Paul Qui on Costco Cooking and His Favorite Hot Sauce

Best New Chef 2014 Paul Qui

Photo © William Hereford

Chef Paul Qui of Austin's Qui is one of Food & Wine's amazing 2014 Best New Chefs. Here, he reveals his current obsessions.

The Philippines

I was born in Manila and lived there until I was 10. All the cultures that inspire Filipino cuisine—Spanish, Japanese, Chinese—influenced me. But I didn’t appreciate Filipino cooking for a while. My parents would take me to Costco for food that I could microwave. I didn’t get into good cooking until I was in my late twenties.

Food Trucks

When I launched the first East Side King truck in 2009, I was chef de cuisine at Uchi. The original truck kitchen was eight-by-six feet. I’d go there every night after I closed Uchi; on weekends, I’d work 16 hours a day. It was a lot of fun, but I don’t know how I did it. I’d take off my chef coat, put on an apron and get to work.

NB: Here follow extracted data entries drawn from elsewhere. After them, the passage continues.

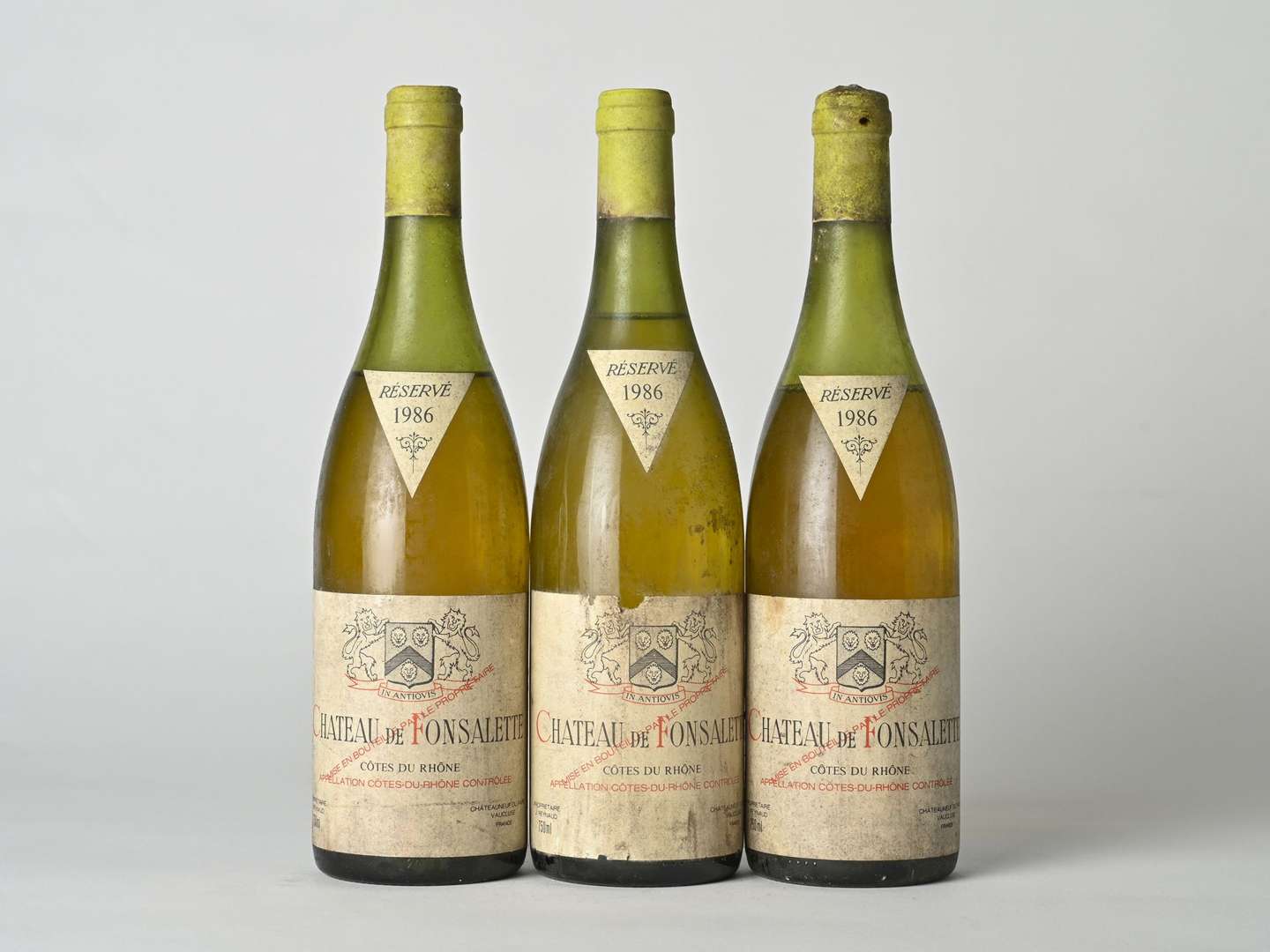 3 B CÔTES DU RHÔNE Blanc (1 à 3,5| 1 à 5,8 et 1 à 6,5 cm| e.t.h. dont 1 e.a| clm.s| c.s.) - 1986 - Château de Fonsalette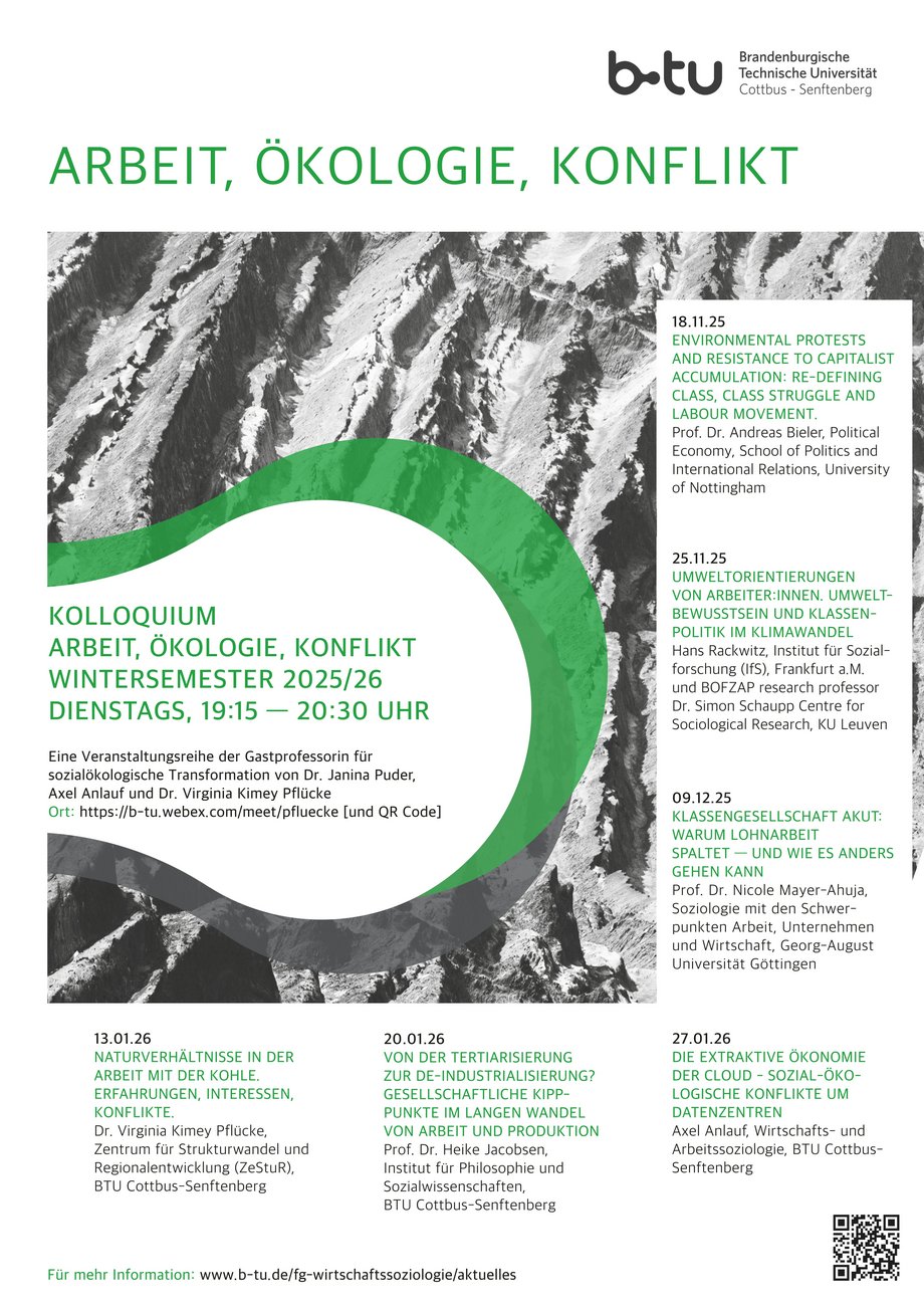 Dr. Janina Puder, Gastprofessorin für sozialökologische Transformation, Dr. Virginia Kimey Pflücke und Axel Anlauf von der BTU Cottbus-Senftenberg laden ein zu einer Online-Veranstaltungsreihe mit sechs Vorträgen samt Diskussion um Themen der aktuellen Arbeitssoziologie in Zeiten gesellschaftlicher Transformation.
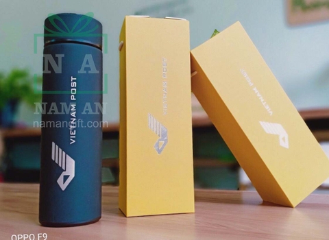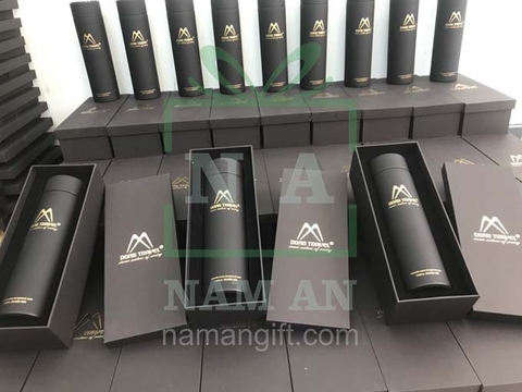 Bên ngoài hộp đựng bình giữ nhiệt được bồi giấy mỹ thuật ép nhũ logo bạn có thể chọn màu giấy hoặc màu nhũ của logo. Bạn cũng có thể in hộp để đựng bình giữ nhiệt theo nhu cầu của công ty.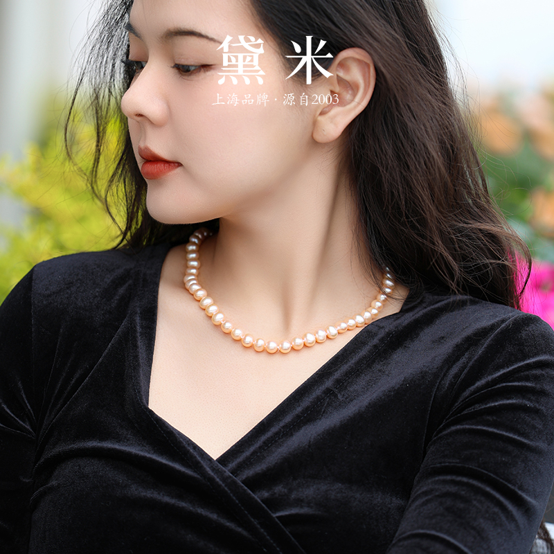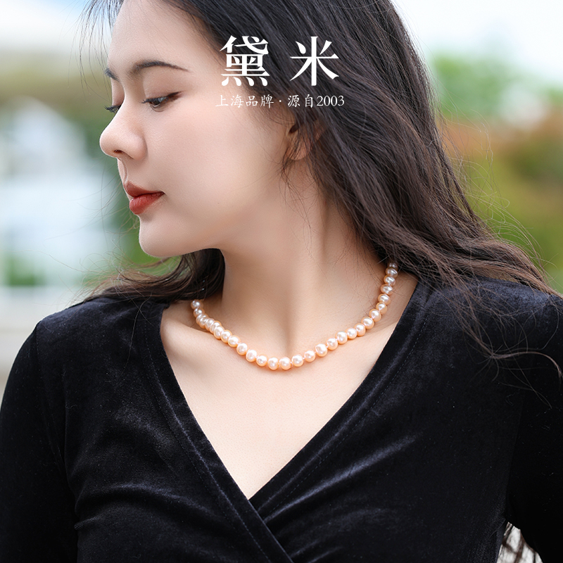 黛米珠宝 满江红 7.3-8.3mm近圆形无核淡水珍珠项链女S925银颈链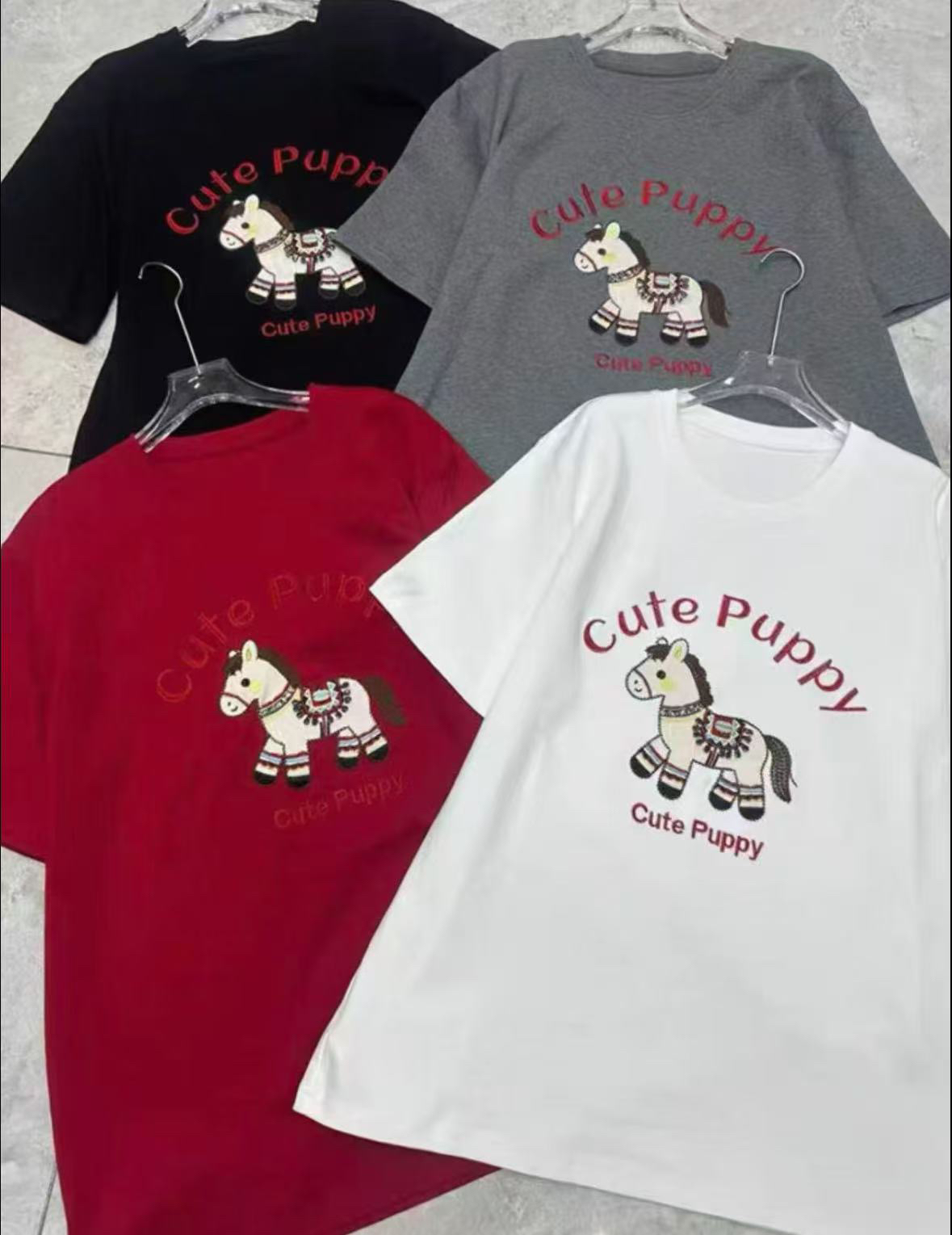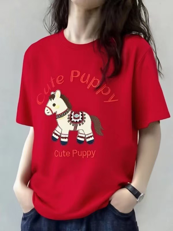 MY16898# 红色小马刺绣短袖T恤超火减龄针织衫新年穿搭宽松上衣女裝貨源服裝批發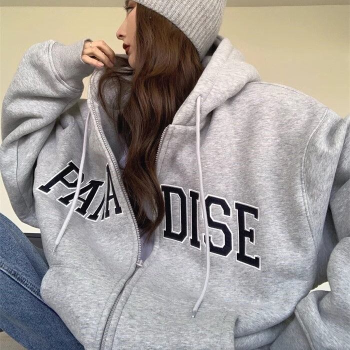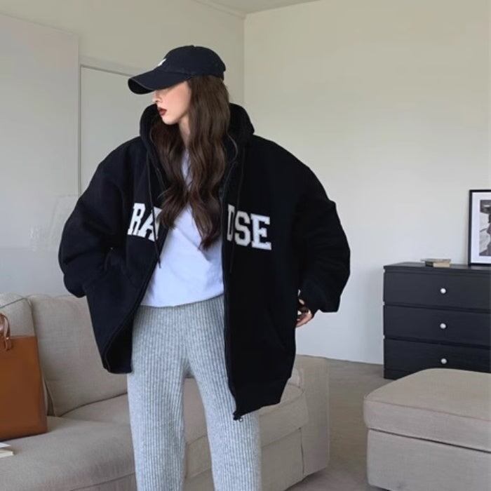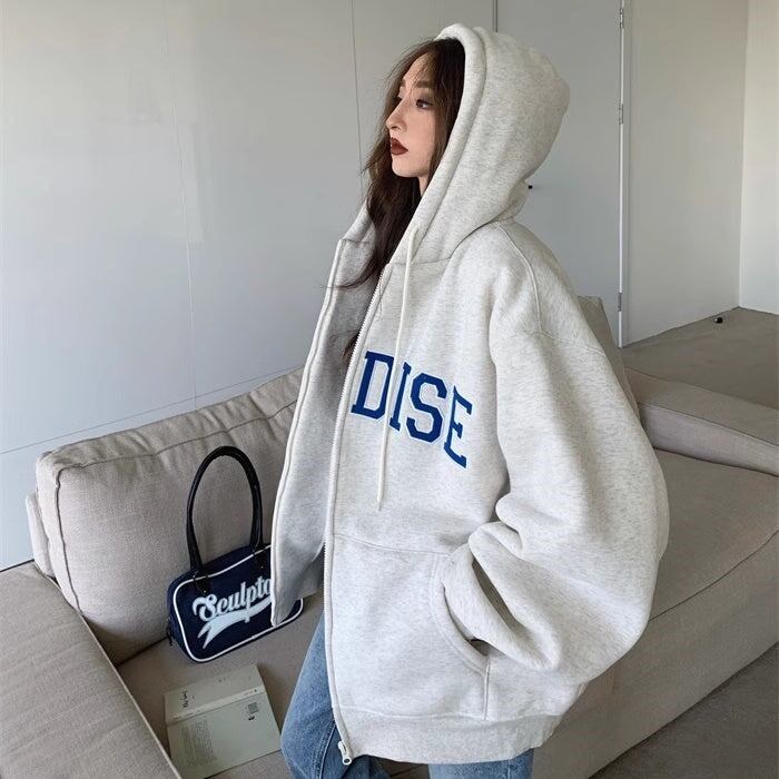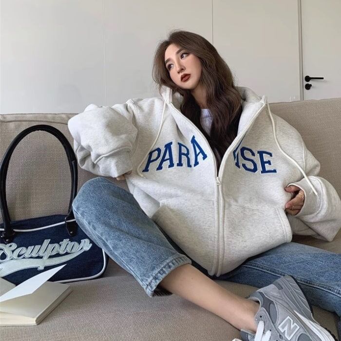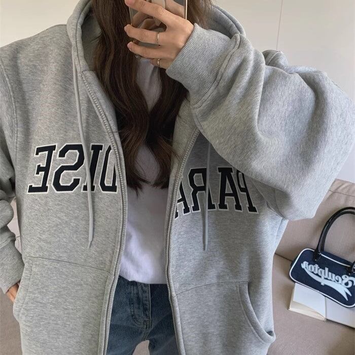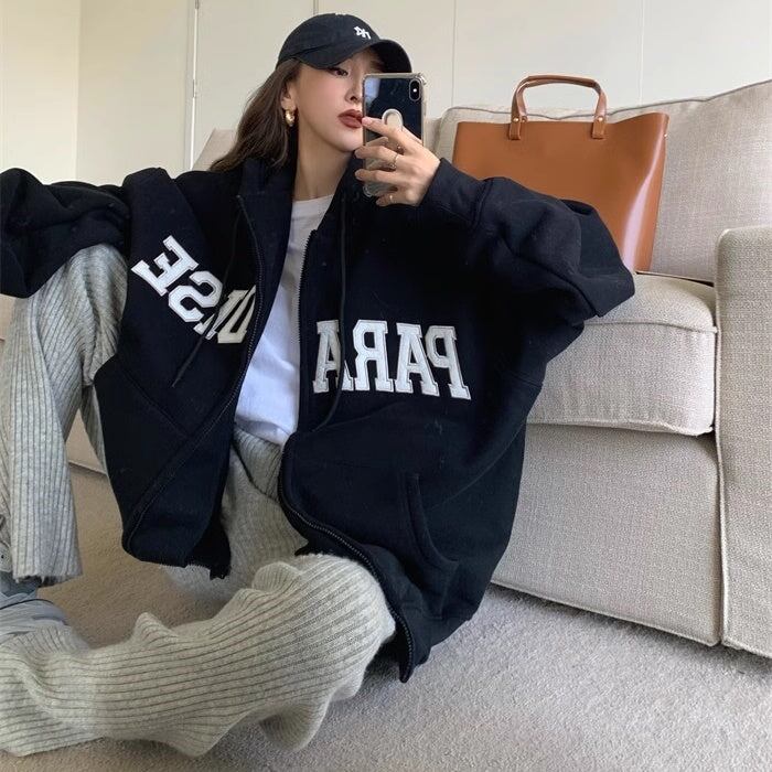 ロゴ ビッグパーカー レディース 韓国 ファッション ジップアップ パーカー 秋冬 ビッグシルエットアウター スウェット フーディー

My friend Peelander-Yellow paints all the East Side King trucks. He’s in a Japanese punk band from New York City called Peelander-Z. His imagination is crazy and his work is so refreshing and fun. He designed our website, too.

Commercial Condiments

I look at ingredient lists on the labels of my favorite condiments to understand the breakdown of flavors. I especially love Tabasco, Jufran banana sauce, Crystal hot sauce, Kewpie mayonnaise, Red Boat fish sauce, Bull-Dog tonkatsu sauce, Heinz ketchup, Maggi seasoning and Colman’s mustard.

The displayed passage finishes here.